In bookspider.py I have:
from typing import Iterable
import scrapy
from scrapy.http import Request
class BookSpider(scrapy.Spider):
name = None
def start_requests(self) -> Iterable[Request]:
yield scrapy.Request("https://books.toscrape.com/")
def parse(self, response):
books = response.css("article.product_pod")
for book in books:
yield {
"name": self.name,
"title": book.css("h3 a::text").get().strip(),
}
In test_bookspider.py I have:
import json
import os
from pytest_twisted import inlineCallbacks
from scrapy.crawler import CrawlerRunner
from twisted.internet import defer
from bookspider import BookSpider
@inlineCallbacks
def test_bookspider():
runner = CrawlerRunner(
settings={
"REQUEST_FINGERPRINTER_IMPLEMENTATION": "2.7",
"FEEDS": {"books.json": {"format": "json"}},
"TWISTED_REACTOR": "twisted.internet.asyncioreactor.AsyncioSelectorReactor",
# "TWISTED_REACTOR": "twisted.internet.selectreactor.SelectReactor",
}
)
yield runner.crawl(BookSpider, name="books")
with open("books.json", "r") as f:
books = json.load(f)
assert len(books) >= 1
assert books[0]["name"] == "books"
assert books[0]["title"] == "A Light in the ..."
os.remove("books.json")
defer.returnValue(None)
With "TWISTED_REACTOR": "twisted.internet.asyncioreactor.AsyncioSelectorReactor"
uncommented I get the following error:
Exception: The installed reactor (twisted.internet.selectreactor.SelectReactor) does not match the requested one (twisted.internet.asyncioreactor.AsyncioSelectorReactor)
With "TWISTED_REACTOR": "twisted.internet.selectreactor.SelectReactor"
uncommented my test passes.
Can anyone explain this behaviour and more broadly how to test CrawlerRunner or CrawlerProcess with pytest?
If you use pytest-twisted
you need to tell it to install an appropriate reactor by passing --reactor=asyncio
to your pytest command, otherwise it will install the default reactor.
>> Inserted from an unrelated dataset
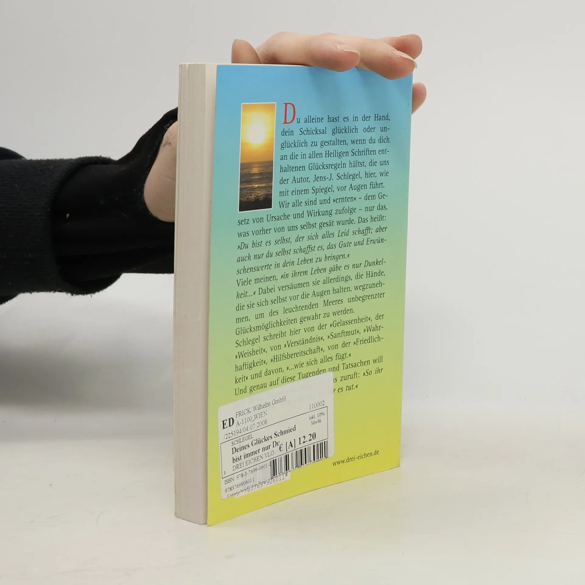 Jeder hat es selbst in der Hand, sein Schicksal glücklich oder unglücklich zu gestalten, wenn man sich an die in allen Heiligen Schriften enthaltenen Glücksregeln hält, die uns der Autor hier vor Augen führt. Wir sind und Ernten dem Gesetz von Ursache und Wirkung zufolge nur das, was vorher von uns selbst gesät wurde. Das heißt: Du bist es selbst, der sich alles Leid schafft; aber auch nur du selbst schaffst es, das Gute und Erwünschenswerte in dein Leben zu bringen. Viele meinen, es sei dunkel in ihrem Leben. Dabei versäumen sie nur, die Hände, die sie sich selbst vor die Augen halten, wegzunehmen, um des leuchtenden Meeres an unbegrenzten Glücksmöglichkeiten gewahr werden zu können.

See https://github.com/pytest-dev/pytest-twisted#using-the-plugin
how to test CrawlerRunner or CrawlerProcess with pytest?
You shouldn't use CrawlerProcess
in things like pytest tests, because it will start and stop the reactor for you. If you really need to test those you should write tests that use a single process per a CrawlerProcess
invocation.